The silica aerogels with benzene-bridged were designed to have uniform network structure, ordered pore structure, improved mechanical properties and excellent textural properties. Adding organic to enhance the mechanical properties of silica aerogels is a common method, but textural properties of aerogels with organic are reduced due to the organic-inorganic phase separation. In this paper, we use a simple and low-cost method to increase mechanical properties while maintaining textural properties of SiO2 aerogels. Two types of benzene-bridged precursors were prepared to study the effect of the number of hydroxyl band on the textural and mechanical properties.
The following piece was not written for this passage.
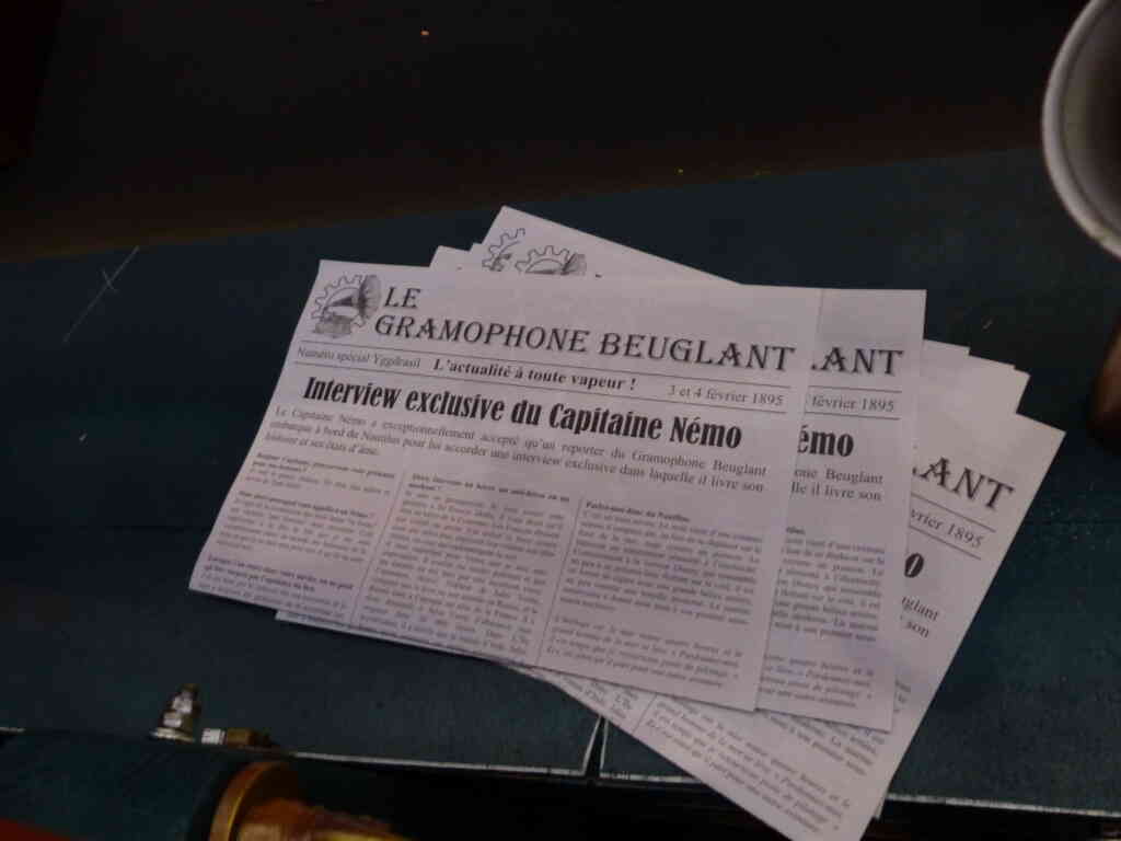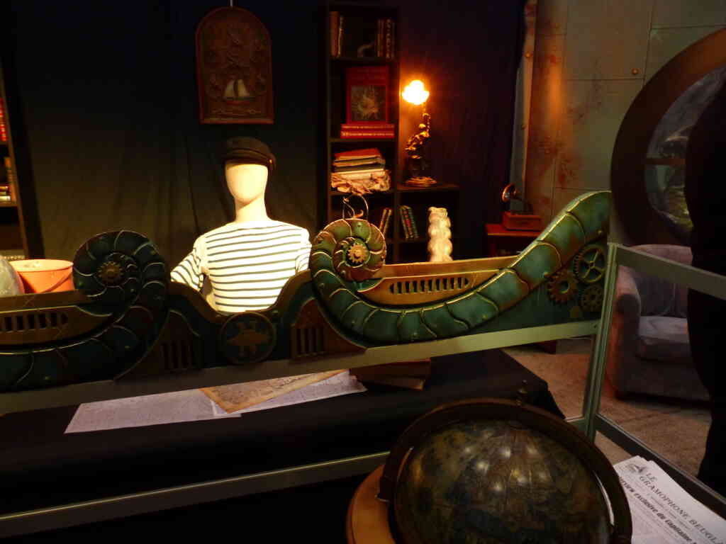 Nous avons parcouru les stands industriels du Nautilus. Les exposants furent incroyables, nous proposant des articles dignes d’être des œuvres d’arts, à base de cuir ou de recyclage de rouages dans des bijoux. Nous avons eu droit à des rencontres inattendues comme Philibert le T-rex qui faisait tout pour nous faire peur ! Nous avons aussi eu l’occasion de parcourir le sous-marin Léviathan et de découvrir son équipage hétéroclite : des cuistots avec des plats suspects, des séniors qui nous dévoilent leur arsenal de guerre ou encore un triton (le masculin de sirène pour ceux qui ne connaissent pas) qui nous a posé des énigmes.

The porous silica aerogel was prepared by a simple, cost effective and pollution-free sol-gel method. This method does not require additional silylating reagents. The benzene-bridged silica aerogel samples prepared had excellent textural properties, high specific surface area (1,326 ㎡/g), porous structure and hydrophobicity (>140°). The mechanical strength of 2T4 is more than 5 times that of pure silica aerogel.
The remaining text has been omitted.